Suddenly the atmosphere in the Rod Laver Arena was strangely subdued. And it left Wawrinka fuming. He sat in his chair and raged at umpire Carlos Ramos, demanding to know why Nadal was taking a break. The frustration was understandable, it would not have been in Wawrinka's game plan to deal with a half-pace Nadal. And he certainly would not have wanted to have won by default - the first time that would have happened in a men's slam final since Stefan Edberg retired with a torn stomach muscle against Ivan Lendl in this very competition in 1990.
Nadal eventually returned - unpunished despite taking two minutes more than the allowed time - and was even booed by a few spectators.

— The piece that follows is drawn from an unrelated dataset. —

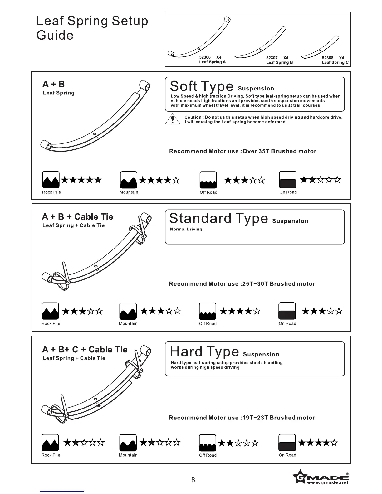 Gmade SawBack - Leaf Spring Setup Guide; Soft Type Suspension Setup; Standard Type Suspension Setup; Hard Type Suspension Setup

But the break in play caused little problems and Wawrinka went on to dominate the remainder of the second set.
Nadal slumped into his chair, his head in his hands, on the verge of tears and at one point swaying towards the net as if ready to throw in the towel.
But then the painkillers seemed to kick in, and in the blink of an eye the Spaniard was in the ascendancy. Wawrinka's feathers were ruffled and even a few swift punches to the side of his own cranium could not get him fired up enough to prevent Nadal cruising to the third set and leaving Wawrinka to rue the missed opportunity.
It proved to be a mere blip.
Wawrinka got his eye back on the ball and, much like in the first set, dominated proceedings with a series of blistering backhands. After two hours and 21 minutes, the championship-winning forehand flew past Nadal.
Wawrinka slowly raised his arms to the air, barely breaking into a smile. He knew he had beaten a half-fit Nadal, who was quick to assure his opponent that he was a thoroughly deserving winner.
"Hello everyone," Wawrinka said as he approached the microphone to collect his trophy and winner's cheque from 14-time grand slam champion and twice winner of the Australian Open Pete Sampras.
"Rafa, I am really sorry for you. I hope your back is going to be fine. You are a brilliant champion and it is always a pleasure to play against you. Well done for your comeback to become world No. 1, you are always so professional and lovely to everyone so it is great to have you back."
Stan the man in Australian Open mind game
- Stanislas Wawrinka's Australian Open triumph proved to everyone - himself included - that he has the physical ability to match the world's very best, but perhaps even more importantly he showed the mental fortitude to go with it as well, writes Chris Wilkinson.
- Click here to read the full column
As Nadal wiped a tear from his eye, Wawrinka added: "I love playing here. Last year I had a crazy match [against Novak Djokovic] and I was crying a lot after that match - but in the last year a lot has happened and I'm still not sure if I am dreaming or not so I will see tomorrow morning.
"I would like to congratulate my team, and say thank you to my beautiful wife and daughter. I am coming home in two days and I can't wait."
Nadal added: "[Wawrinka] played unbelievable to win that title. I'm very happy for him. He is a great friend of mine and he deserved it.
"I played a few great matches - against Monfils and Federer. I played enough well to be in the final. I go home knowing I did as much as I can."
When asked about his back, the Spaniard replied: "In that moment I was too worried to think what happened. My physio tried to relax it a bit - but I [wanted] to finish the match for the crowd, for the opponent, and for me.
"[But] this is not the moment to talk about the back. I'm disappointed and sad about what happened, and the crowd wants to watch the best match possible. I was not able to do that for them. I understand their reaction and you will never hear me talk badly about the crowd here.
"But this is Stan's day, not my day."